Farelere, PPAR’ların etkilerini faaliyete geçiren ve GW501516 adı verilen bir molekül uygulandığında, farelerin aç kalmasıyla ortaya çıkan faydalı etkilerin bazıları yeniden oluştu.
Araştırmacılardan biri olan Chia-Wei Cheng şöyle söylüyor: “Bu da çok şaşırtıcıydı. Sadece bir metabolik güzergâhı faaliyete geçirmek, belirli yaş fenotiplerini tersine çevirmek için yeterli olmuştu.”
Bu metabolik anahtarın kapsamını ve işlevini tamamen anlamadan önce, araştırmacıların hâlâ araştırmaları gereken bir çok şey var. Üstelik bunun, insanlarda da farelerde olduğu kadar kolay şekilde idare edilip edilemeyeceği bilinmiyor.
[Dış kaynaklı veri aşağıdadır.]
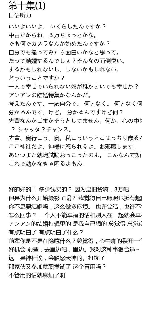 | 好的好的! 多少钱买的? 因为是旧货嘛,3万吧 但是为什么开始摄影了呢? 我觉得自己照照也挺有趣的。 你不是要结婚吗,这么做多麻烦。 也许会结,也许不会结 怎么回事? 一个人不能幸福的话和别人在一起就会幸福吗? アンアン的结婚特辑里的 是我自己想的 总觉得 总觉得什么 有点明白了 有点明白了什么? 前辈你是不是在隐藏什么?总觉得,心中啪的裂开一个大缝,然后为了天上这个缝隙,才开始照相的。 好机会 前辈,去里边吧,里边。我对这种事很合适~ 这里是神社诶,会触怒天神的。打扰了 那家伙又参加就职考试了 这个管用吗? 不管用的话就麻烦了啊 |
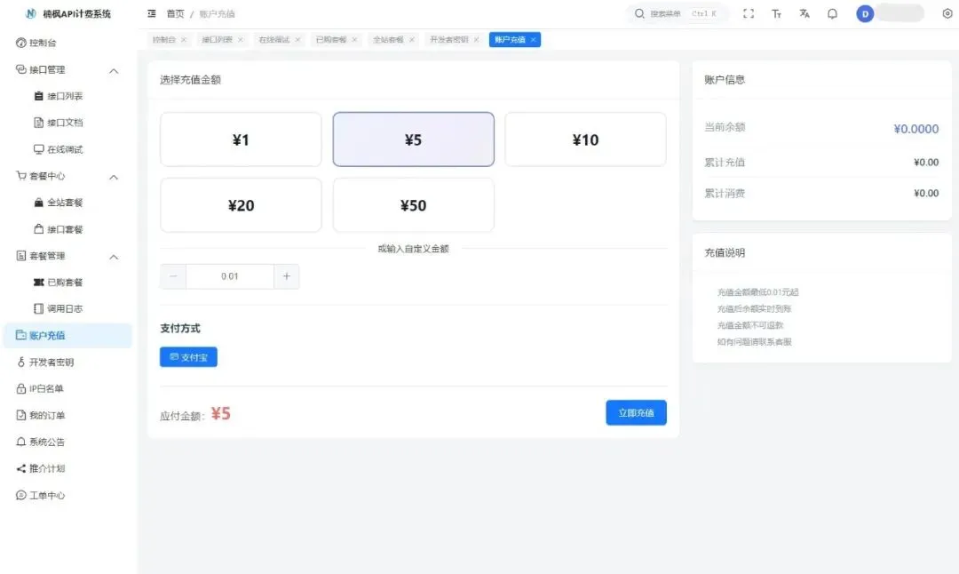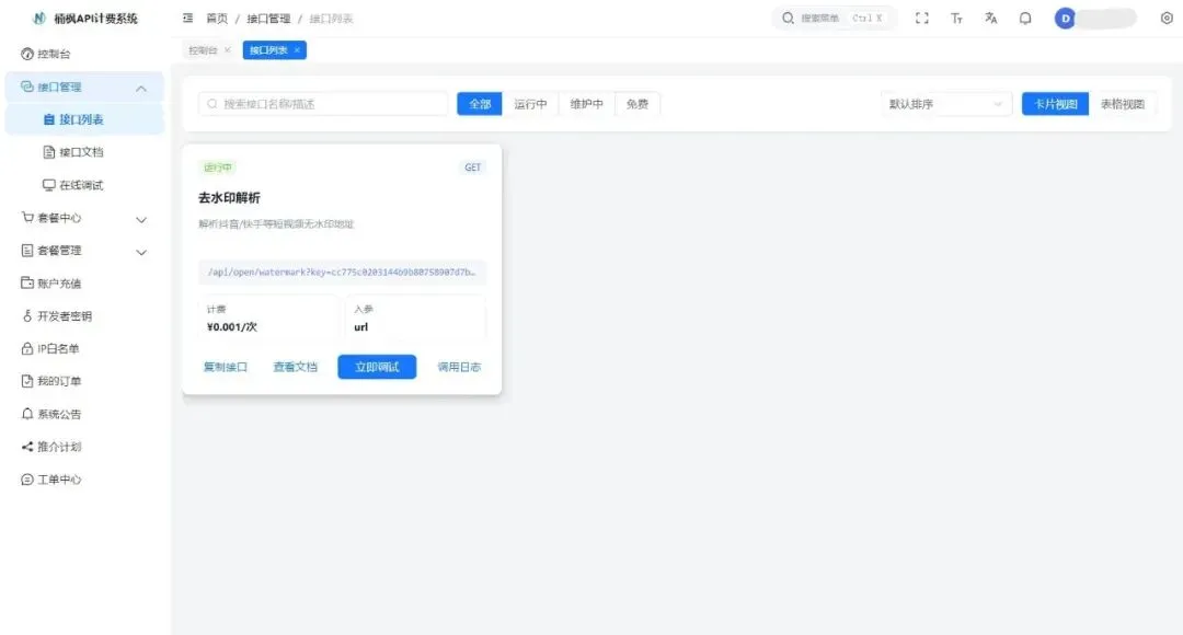 3、调用接口与计费,接口单独设置解析一次费用,例如0.01/次(计费顺序:会员->点数->余额)
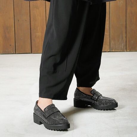 ラインストーン厚底ローファー

Fakat bu çalışma, gelecekte bir şekilde hap veya başka bir ilaç tedavisi yardımıyla bu metabolik anahtarı faaliyete geçirme olasılığı sunuyor ve bizi bu olasılığa bir adım daha yaklaştırıyor. Belki de (sadece belki), hastaların aç kalması gerekmeden onların bağırsak sağlığını iyileştirebilir ve bu sayede daha uzun süre yaşamalarına yardımcı olabiliriz.
Bu sonuçlar henüz kesin olmayabilir, ancak hiç olmadığı kadar tutarlı görünmeye başlıyorlar.
Çalışmada yer almayan ve Utah Üniversitesinde biyokimyacı olan Jared Rutter şöyle söylüyor: “Yazarlar, güzel bir deney sahnesinde, bu metabolik değişimlere aç kalma olmaksızın sebep oluyorlar ve sistemi yıkarak benzer etkiler görüyorlar”
“Bu çalışma, beslenme ve metabolizmanın; hücrelerin davranışı üzerinde derin etkilere sahip olduğunu ve bu durumun hastalıklara yatkınlık sağladığını gösteren, hızlı bir şekilde büyüyen bir araştırma alanıyla uyum gösteriyor.”
Bulgular, Cell Stem Cell bülteninde sunuldu.